TASK GOAL. Each entry is to be reproduced verbatim, and images are to be omitted.

GIVEN RECORDS.
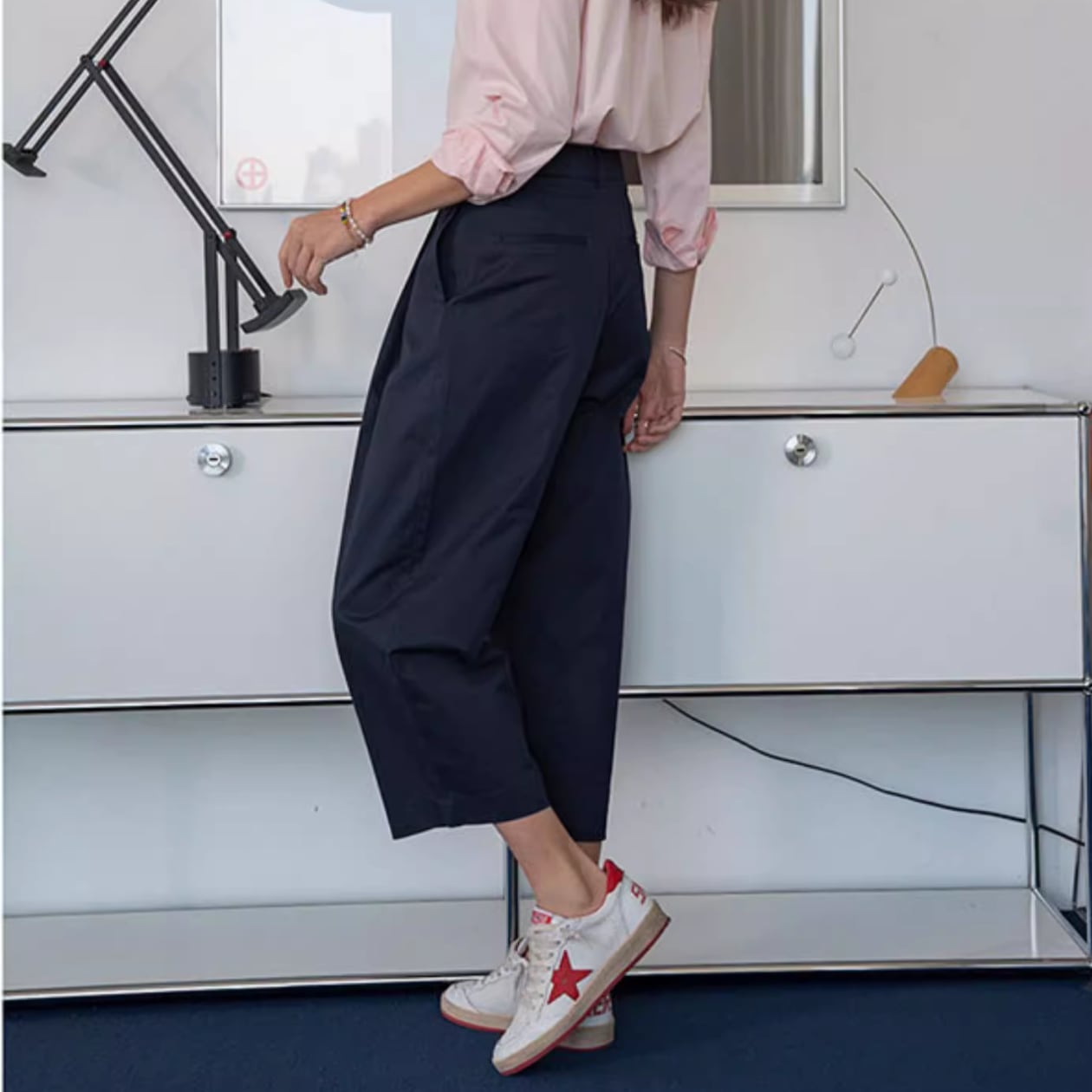 クロップド丈なので、足首を見せて軽やかさをプラス。
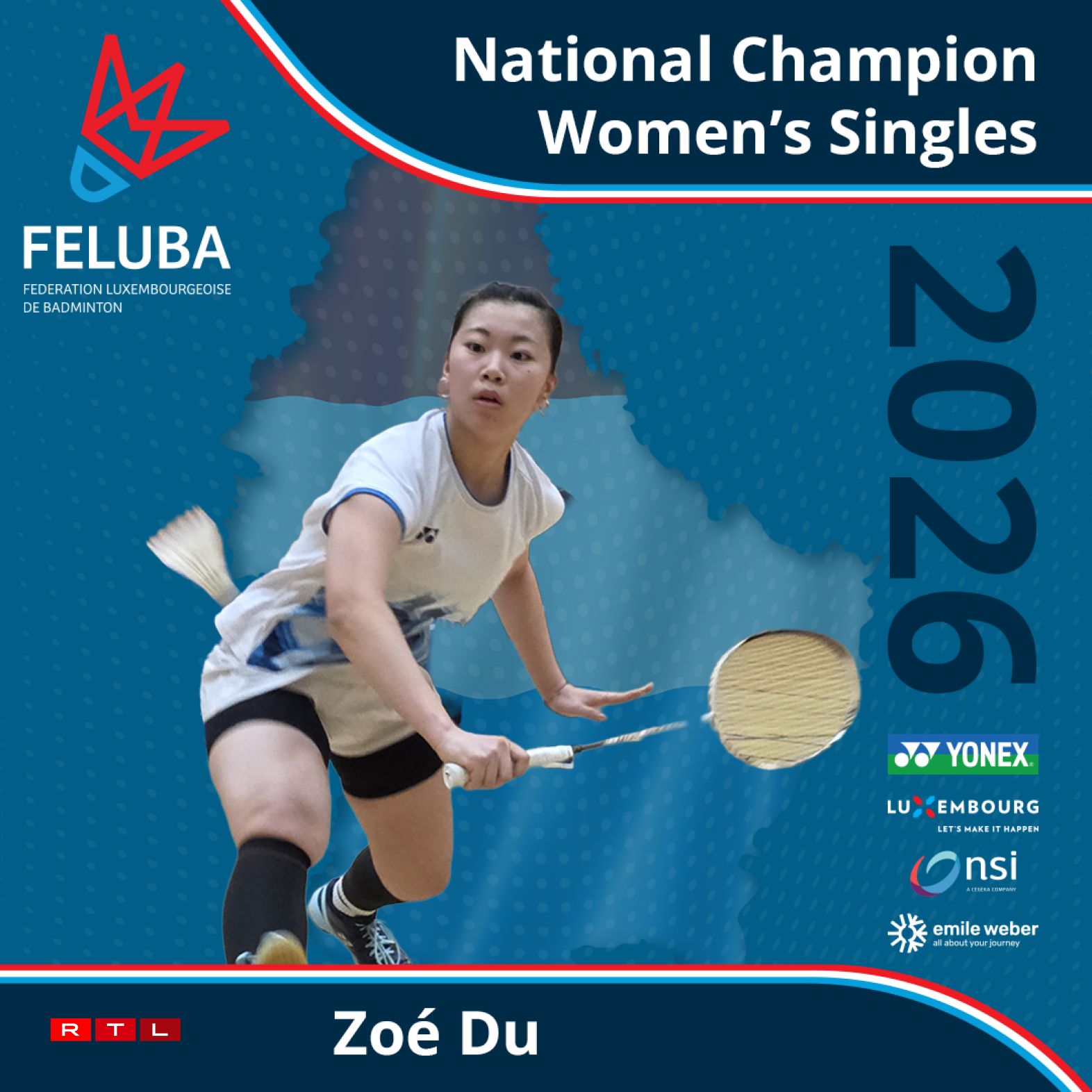 Am Dammen-Eenzel huet déi eréischt 17 Joer jonk Zoé Du den Titel gewonnen. An der Finall huet si sech géint d’Myriam Havé, Titelverdeedegerin a sechsfach national Meeschterin, mat 21:5 an 21:17 duerchgesat. Dës Victoire markéiert eng wichteg Etapp an hirer sportlecher Entwécklung a versprécht méi fir d’Zukunft.
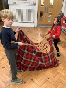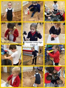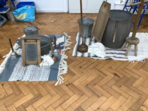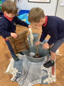The children explored daily household chores from the past. They used a ‘posher’ and a ‘dolly’ to wash the clothes. It was hard work getting all the stains out with the scrubbing boards! They had a big pile of ironing to do and had to make sure everything was folded neatly.
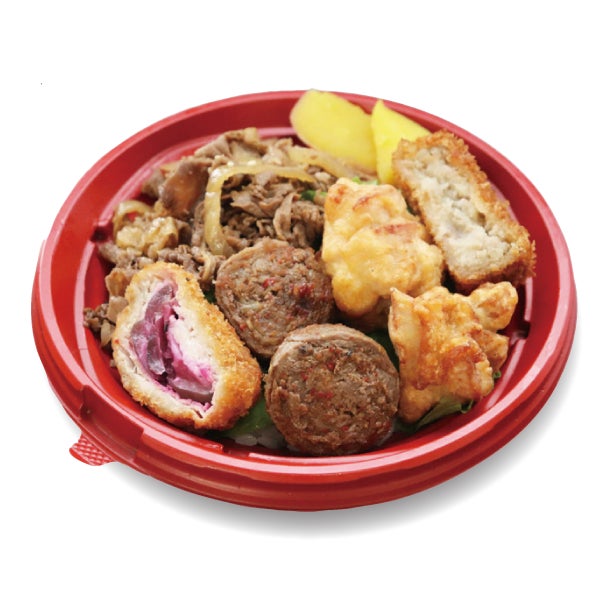 コロッケ、から揚げ、ロールステーキ、しば漬け巻きカツを一度に楽しめる丼。
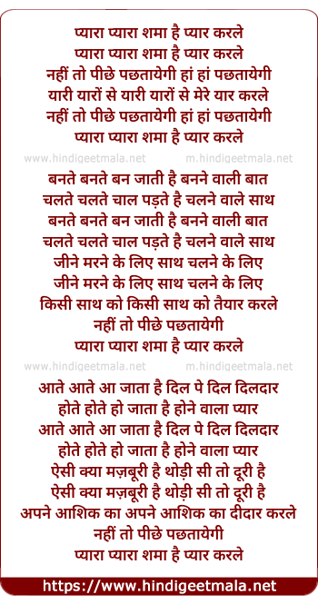 Lyrics of Pyara Pyara Samaan Hai - प्यारा प्यारा शमा है
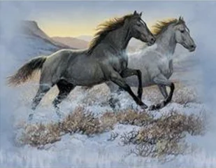 Diamentowa Mozaika Konie Czarny I Biały Galopujące Przez Step 30x40

REPLY TO THE TASK.
 クロップド丈なので、足首を見せて軽やかさをプラス。
 Am Dammen-Eenzel huet déi eréischt 17 Joer jonk Zoé Du den Titel gewonnen. An der Finall huet si sech géint d’Myriam Havé, Titelverdeedegerin a sechsfach national Meeschterin, mat 21:5 an 21:17 duerchgesat. Dës Victoire markéiert eng wichteg Etapp an hirer sportlecher Entwécklung a versprécht méi fir d’Zukunft.
The children explored daily household chores from the past. They used a ‘posher’ and a ‘dolly’ to wash the clothes. It was hard work getting all the stains out with the scrubbing boards! They had a big pile of ironing to do and had to make sure everything was folded neatly.
 コロッケ、から揚げ、ロールステーキ、しば漬け巻きカツを一度に楽しめる丼。
 Lyrics of Pyara Pyara Samaan Hai - प्यारा प्यारा शमा है
 Diamentowa Mozaika Konie Czarny I Biały Galopujące Przez Step 30x40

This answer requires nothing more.